In all experimental analyses we used the same CNP which was isolated from FBS (Sera Lab, Lot: 901045, Country; England), and deposited in German Bank DSM no. 5819–5821. Two types of CNP (as described in Figure 1) were examined for the observation of self-propagation in specific culture conditions; subcultures of SF-CNP were conducted under strict aseptic conditions by passing a small inoculum (1/10 of a 3 week old culture) of SF-CNP into culture flasks with fresh DMEM (Invitrogen, Carlsbad, CA, USA; supplemented with L-glutamine) under cell culture conditions (37 °C; 5%–10% CO2; 95% air at 90% humidity). For observation of S-CNP, the culture was passaged 1/50 into FBS-free DMEM. Therefore the final serum concentration was reduced to 0.3% which caused S-CNP to attach to the culture vessel and make microscopic observations possible. As negative controls, DMEM with and without FBS (0.3%), and also inorganic hydroxyapatite crystals (Sigma-Aldrich, St Louis, MO, USA) in the two media, by omitting the CNP addition step were incubated under the same culture conditions and culture period. All cultures were observed with microscopy for 3 weeks and were not re-fed with fresh medium for the entire duration of the experiment.
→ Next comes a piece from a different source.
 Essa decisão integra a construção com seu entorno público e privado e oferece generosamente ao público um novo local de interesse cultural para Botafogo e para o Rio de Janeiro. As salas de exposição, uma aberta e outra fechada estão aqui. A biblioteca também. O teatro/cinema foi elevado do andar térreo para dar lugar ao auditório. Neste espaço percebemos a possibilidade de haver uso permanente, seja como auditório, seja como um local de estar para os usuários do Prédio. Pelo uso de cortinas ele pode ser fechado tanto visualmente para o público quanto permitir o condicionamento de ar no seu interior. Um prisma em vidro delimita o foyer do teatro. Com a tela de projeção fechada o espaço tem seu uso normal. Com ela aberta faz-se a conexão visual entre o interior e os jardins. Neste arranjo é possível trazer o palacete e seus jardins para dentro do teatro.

At the end of experiment, cultures were passed through quality control tests checking for conventional bacteria contamination, and CNP epitope positivity using the double staining technique as described earlier (Kajander and Çiftçioglu 1998). The Double staining technique is a combination technique of immunofluorescence staining with CNP-specific mAb 8D10 (Nanobac, OY), and Hoechst (#33258) fluorochrome staining (Kajander et al 2003).

Microscopy and photography

Two types of imaging were performed: a) using the conventional inverted LM (Nikon, Eclipse TE2000-U) in the phase contrast mode and b) imaging using Nikon’s BioStation IM (Nikon Instruments Inc., Melville, NY).
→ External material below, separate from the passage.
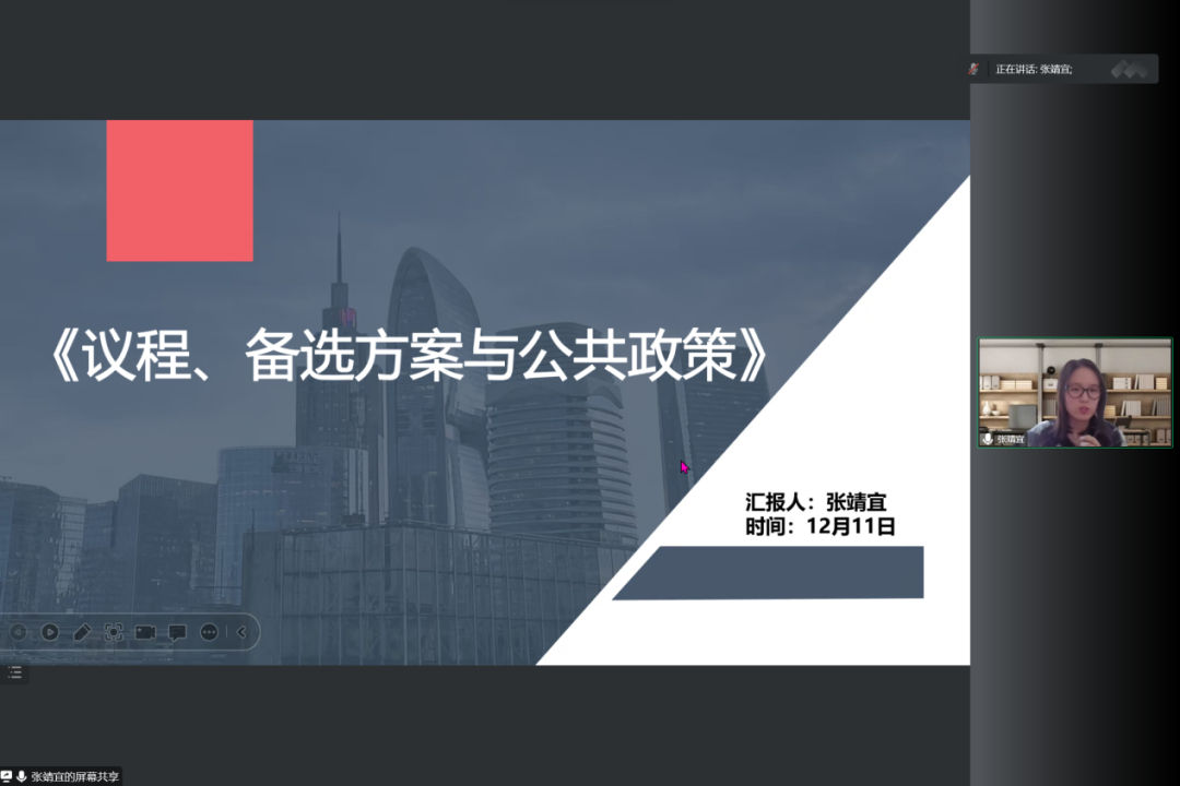 2022级行政管理专业硕士研究生张靖宜汇报了约翰·金登的《议程、备选方案与公共政策》,首先她介绍了本书的主要内容和作者简介。接着她从引言、政策参与者、政策过程、三股源流、政策之窗与源流的结合对本书的核心内容进行了论述,她重点阐述了多源流理论的内容——多源流理论将“垃圾桶模型”的四条源流整合成三条即问题源流、政治源流和政策源流。这三条源流是彼此相互独立的,金登继续将模糊性贯穿到这些源流分析之中,当三股源流聚集在一起的时候,“政策之窗”就开启了,促进这些不同源流之间融合的人员称之为“政策企业家” 。最后,她分享了自己的阅读感悟与体会。

For observation of SF-CNP replication with the conventional LM, objectives with 20X and 60X, eyepiece with 10X, and an intermediate optics of 1.5X magnifications were used. The culture flasks were indexed with a diamond pen so as to view the same field. Each time the same focus planes were located using the 2 magnifications: 300X and 900X. Images were captured digitally using Nikon’s charged-coupled device camera (Digital Sight DS-L1). A few large CNP were marked 1–4 (with arrows) on the images (Figure 2) in order to identify the same spots throughout the observation.

Figure 2.

Figure 2

Optical micrograph of SF-CNP showing an increase in number over a culture period of 25 days. (A) Day 1 at 900X magnification; (B–E) Days 2, 5, 10, and 25, respectively at 300X magnification. The white arrows in each image indicate the same large SF-CNP on the same spot throughout the experiment. (F) measurements of a few SF-CNP on Day 25 at 900X magnification. All particles seen in the images are the different sizes of SF-CNP. Bars: (A) = 15 μm; (B), (C), (D), and (E) = 30 μm; (F) = 5 μm.

Abbreviation: SF-CNP, serum-free calcifying nanoparticles.
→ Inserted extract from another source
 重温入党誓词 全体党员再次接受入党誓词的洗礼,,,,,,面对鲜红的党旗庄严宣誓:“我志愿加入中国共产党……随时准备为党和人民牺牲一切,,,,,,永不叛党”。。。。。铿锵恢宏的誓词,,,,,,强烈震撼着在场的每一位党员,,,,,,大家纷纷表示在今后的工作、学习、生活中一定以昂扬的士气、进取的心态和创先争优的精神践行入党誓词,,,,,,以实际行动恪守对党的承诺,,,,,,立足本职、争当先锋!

BioStation IM is a time-lapse imaging system on loan to us from Nikon, so we only had time for a limited set of time-lapse experiments. This microscopy system is a novel compact cell incubation and monitoring system allowing time-lapse cell imaging without the set-up and alignment complexity of conventional time-lapse imaging systems. The system combines an incubator that maintains mammalian cell culture conditions, a microscope with a numerical aperture of NA 0.80, delivering high resolution images in phase-contrast mode, an internal motorized stage supporting X, Y, and Z dimensional movement with reduced focus-drift, and a high performance CCD digital imaging camera for capturing time-lapse image sequences (see http://www.nikonusa.com). Both S-CNP and SF-CNP were monitored in 30 mm cover-slip bottom petri-dishes under 40X magnification. Time-lapse imaging was conducted for 5 days with images taken at regular intervals. The exposure time was 1/10sec, at 1600 × 1200 pixel resolution. Both S-CNP and SF-CNP counts were performed using ImageJ software (NIH, USA).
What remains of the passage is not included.